No último dia 14 de setembro foi publicada uma sentença judicial proferida pela 4ª Vara do Trabalho de SP que reconheceu que a natureza dos serviços prestados pelos motoristas de transporte de passageiros via aplicativo configura vínculo de emprego e determinou que a Uber Brasil Tecnologia LTDA deve, em até seis meses do trânsito em julgado da ação, efetivar os registros em CTPS de todos os motoristas cadastrados na plataforma, bem como daqueles que vierem a ser contratados. Além disso, o juiz condenou a empresa ao pagamento de indenização por danos morais coletivos no importe de R$ 1 bilhão.
A sentença foi bastante comentada em diversos veículos de comunicação, já que, tratando-se de ação civil pública, a decisão tem eficácia erga omnes, isto é, mesmo tendo sido proferida por uma Vara Trabalhista da Cidade de SP, é aplicável a todos os trabalhadores vinculados à Uber no país. Autuada sob o nº 1001379-33.2021.5.02.0004, o Ministério Público do Trabalho - MPT, apresentou a referida ação a partir de um Inquérito Civil, instaurado em junho de 2016 e originado de uma denúncia da Associação dos Motoristas Autônomos de Aplicativos - AMAA.
No inquérito, foram colhidos depoimentos de motoristas e, além disso, juntadas informações produzidas em procedimentos da mesma natureza instaurados pelas Procuradorias do Trabalho da 1ª Região (Rio de Janeiro) e de São Bernardo do Campo. Ainda constou da ação civil pública o Relatório Conclusivo do Grupo de Estudos “GE UBER” do MPT.
Foi esta ampla investigação, formalmente iniciada há mais de sete anos, que provocou no MPT, por meio da Procuradoria Regional da 2ª Região (São Paulo) e, também, no juízo da 2ª Vara do Trabalho de São Paulo o convencimento acerca existência do vínculo emprego de motoristas da Uber.

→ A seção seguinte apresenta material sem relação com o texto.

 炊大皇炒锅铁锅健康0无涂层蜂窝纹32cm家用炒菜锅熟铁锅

Antes da análise dos elementos em si relacionados à existência de vínculo de emprego, previstos no artigo 3º, da CLT, a decisão em comento teceu relevantes considerações acerca da natureza das atividades desenvolvidas pela empresa do aplicativo. E isso porque um dos principais fundamentos que a Uber em sua defesa se utilizou para afastar o reconhecimento de vínculo de emprego com os trabalhadores é o de que esta seria mera empresa de fornecimento de tecnologia, de modo que seria impossível seu reconhecimento como empregadora de motoristas.

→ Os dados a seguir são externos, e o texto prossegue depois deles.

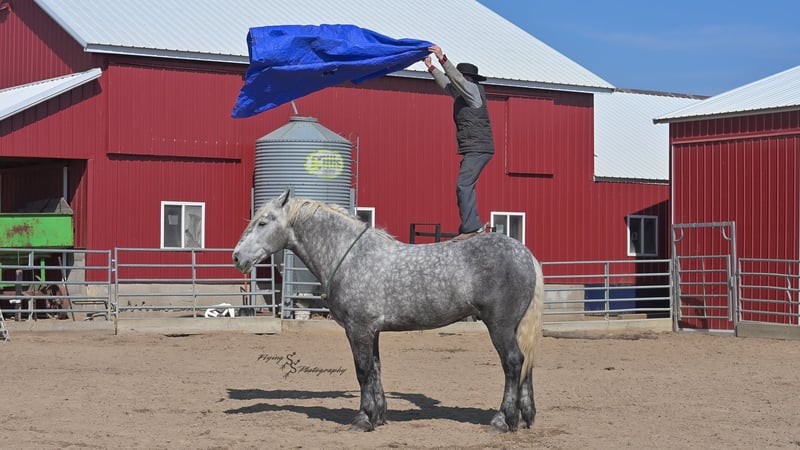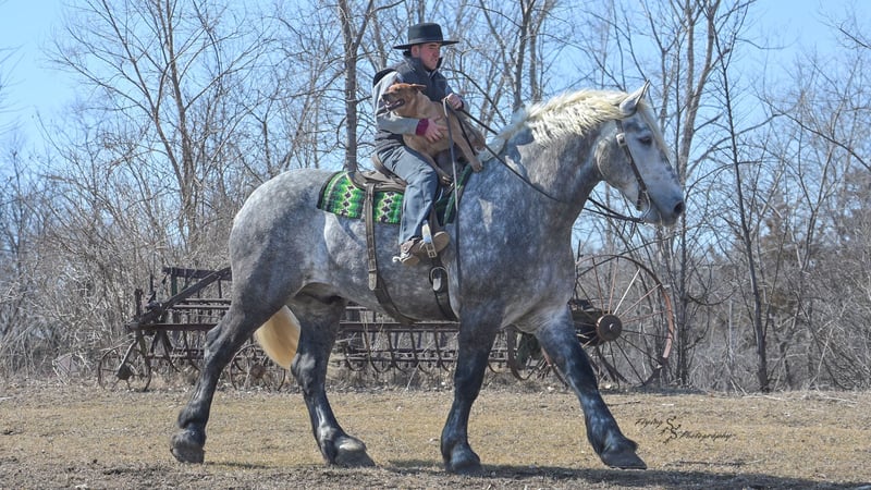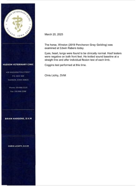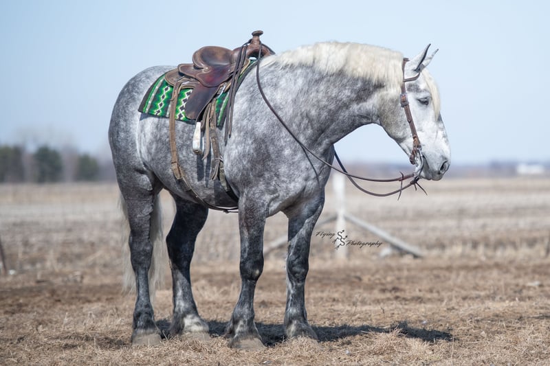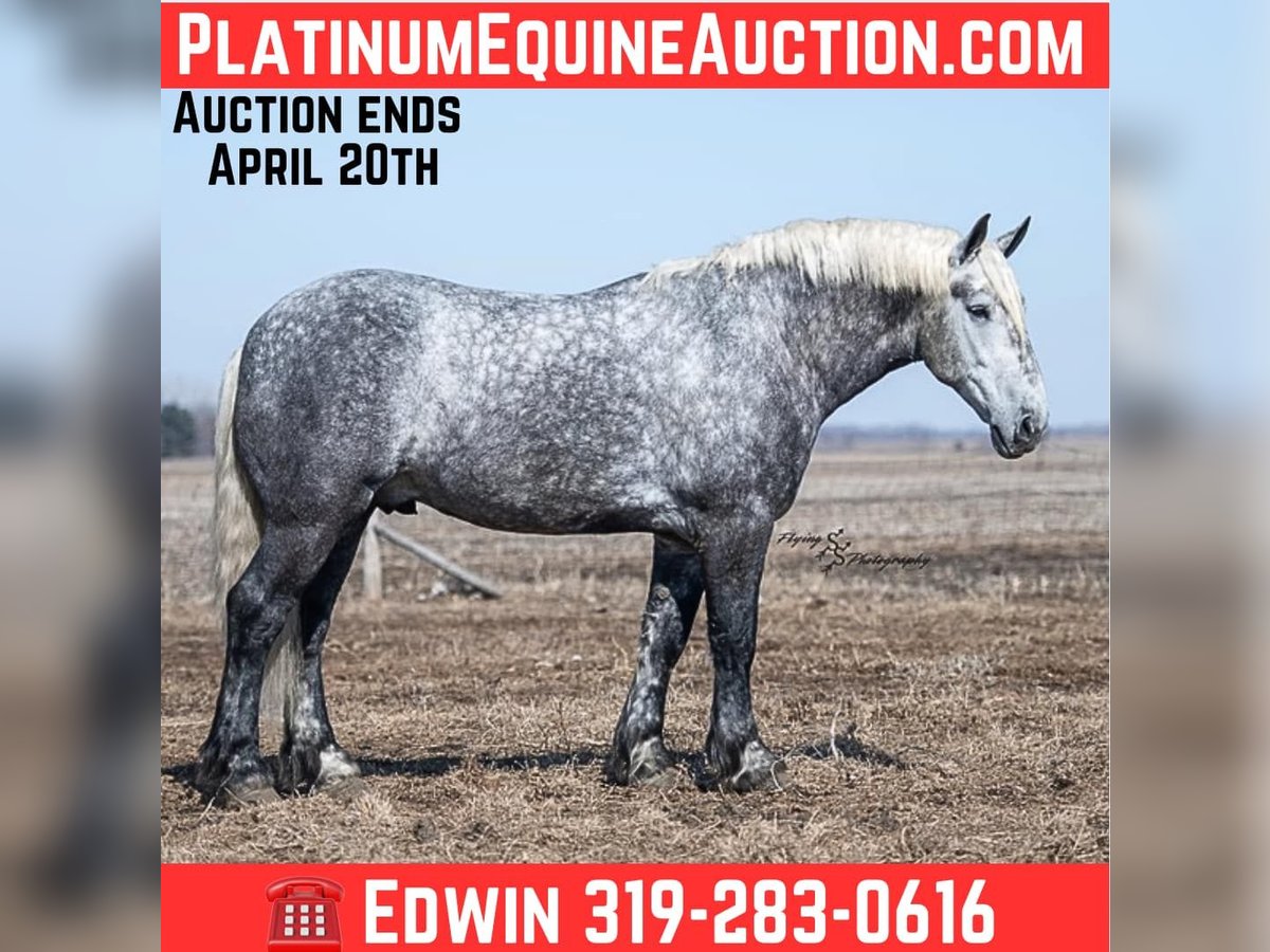 ONLINE AUCTION Place your bids at www.PlatinumEquineAuction.com Starting Bid $3500 Auction ends April 20th, 2025 Need a new saddle? Check out White Rock Saddles on our website or Facebook! Winston is a handsome dapple gray, 6 year old, registered percheron gelding. Our favorite thing about Winston is that he is incredibly safe. The phrase “Safety First” could quite literally be used as his slogan. Winston is a gentle giant, standing a staggering 18.1h tall! He will happily stand at a mounting block, or let you mount from a fence. Do not let Winson’s size intimidate you, he is a joy to handle, even for children! He is a blast to take out on the trails, easily stepping over down timber, crossing water, and going whatever direction you point him in. Winston is perfect for riders of any age and any level of experience. He is very honest on the ground as well as under saddle, admirably taking care of his rider, allowing you to place all of your trust in him. Winston rides western and bareback, bridled and bridleless, and is as comfortable under harness as he is under saddle. He drives absolute best and is incredibly safe, even for beginners or kids. Winston is easy to catch, saddle, bridle, bathe, shoe (easily picks up all 4 feet), and groom. He does great in a stall, as well as in a pasture with other horses. He rides around in an open field just as honest as he does in an arena. He is absolutely traffic safe, and is unphased by anything you will see riding down main street or a highway on a busy evening. Winston will lope in the correct lead, has a nice stop, stands quietly when cracking a bull whip or shooting a pistol, will walk through all of the obstacles, and stays solid even with time off. He is a great fit for the whole family. Winston is even loved by the farm dogs, who he will also allow to ride him! It is impossible to list everything we love about this gentle giant because the list is endless. He is truly a once in a lifetime gelding that we are proud to offer! Winston is current on Coggins, and also has a PPE on file. If you have any questions, or would like to meet him prior to the auction ending, please call Edwin Raber at 319-283-0616. Located in Fairbank, Iowa ONLINE AUCTION Place your bids at www.PlatinumEquineAuction.com Starting Bid $3500 Auction ends April 20th, 2025 Need a new saddle? Check out White Rock Saddles on our website or Facebook!

Em relação a essa particularidade, o juízo trabalhista reconheceu que a alegação da empresa não reflete a realidade. Para tanto, mencionou que, contraditoriamente, no Instituto Nacional de Propriedade Industrial - INPI – autarquia federal responsável pelos depósitos de patentes, desenhos industriais e registros de marca, órgão de proteção da propriedade intelectual de empresas, que atua para impedir a disputa das marcas contra possíveis copiadores – a Uber requereu o registro de sua marca como efetiva empresa de transporte.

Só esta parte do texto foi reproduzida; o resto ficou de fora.